Alexey Kabalnov

Dissolution of multicomponent microbubbles in the bloodstream: 1. theory

The problem of dissolution of a bubble in the bloodstream is examined. The bubble is assumed to be filled with a mixture of a sparingly water-soluble gas (osmotic agent) and air. The dissolution of the bubble has three definite stages. In Stage 1, the bubble quickly swells in air. The swelling ratio depends on the surface tension, blood pressure, level of oxygen metabolism and initial mole fraction of osmotic agent in the bubble. In Stage 2, the osmotic agent slowly diffuses out of the bubble. The squared radius decreases nearly linearly with time, at a rate proportional to the Ostwald coefficient and diffusivity of the osmotic agent. In Stage 3, the partial pressure of the osmotic agent becomes so high that it condenses into a liquid. In order to prolong the lifetime of 5-micron bubbles in the bloodstream from < 1 s (as found with pure air), the osmotic agent must have a low Ostwald coefficient (< or = 10(-4)) and a relatively high saturated vapor pressure at body temperature (> or = 0.3 atm = 3 x 10(4) Pa).

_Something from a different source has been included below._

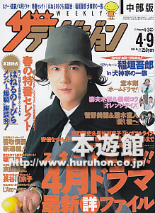 ザ・テレビジョン中部版2004年04月03日-04月09日号稲垣吾郎(表紙/2P)、TOKIO、阿部寛、ドリフターズ、妻夫木聡、柴咲コウ、堂本剛、藤木直人、菅野美穂、長谷川京子、反町隆史、安倍なつみ、篠原涼子、小林聡美、財前直見、東山紀之、

Ostwald Ripening and Related Phenomena

Ostwald ripening in multicomponent systems is discussed in terms of thermodynamic stability and metastability. While the insoluble species trapped in the bulk of the drops can provide thermodynamic stability, only metastability is possible when the species is trapped at the interface between the phases. Similarly, a Helfrich-type dependence of the surface tension on curvature can produce metastability, but not thermodynamic stability. When the drops are encapsulated with a cross-linked permeable membrane, or with an insoluble surfactant monolayer, the membrane must be able to withstand the stress of the Laplace pressure and not collapse; this condition is in general hard to implement unless the emulsion drops are small, ∼10–100 nm. The effect of micelles on various mass transfer processes in surfactant systems, such as Ostwald ripening, composition ripening, adsorption from micellar solutions, and solubilization kinetics are discussed. Two mechanisms are possible: In the first, micelles fuse directly with the macroscopic interfaces; in the second, the fusion-fission is prohibited and micelles affect the mass transfer only by participating in the dynamic equilibrium between the micelles and monomers. It is argued that whether or not the direct fusion of the micelles with the interface is allowed, is controlled by the free energy of the transition state (e.g., for ripening, the energy of the neck joining a micelle and a drop). Because of this, direct adsorption of micelles at the air-water interface is strongly unfavorable. However, it is possible at the oil-water interface, if the system is close enough to the balanced point. This means that Ostwald ripening and composition ripening can be strongly affected by micelles only if the system is in the narrow range of spontaneous curvatures in the vicinity of the balanced point, where the fusion of micelles with the interface is significant, but the rate of coalescence remains small. The experimental data supporting and contradicting this point of view are discussed.

Dissolution of multicomponent microbubbles in the bloodstream: 2. experiment

The effect of the nature of the filling gas on the persistence of microbubbles in the bloodstream was studied. All the microbubbles were covered with the same shells. Various perfluorocarbons and perfluoropolyethers alone and as mixtures with nitrogen were used as the filling gases. The persistence time of microbubbles in the bloodstream tau increased with the molecular weight of the filling gas, from approximately 2 min for perfluorethane, to > 40 min for perfluorodiglyme, C6F14O3, and then decreased again to 8 min for C6F14O5. An acceptable ultrasound scattering efficacy was exhibited by the filling gases with intermediate molecular weights that possessed both a high saturated vapor pressure and a comparatively low water solubility (Ostwald coefficient). On the basis of the experimental data, it is concluded that the microbubble persistence tau is controlled primarily by the dissolution of microbubbles and not by the removal of the microbubbles by the reticular endothelial system. Although the qualitative experimental trends are in good agreement with the theoretical model developed previously, there are some quantitative differences. Possible reasons for these differences are discussed.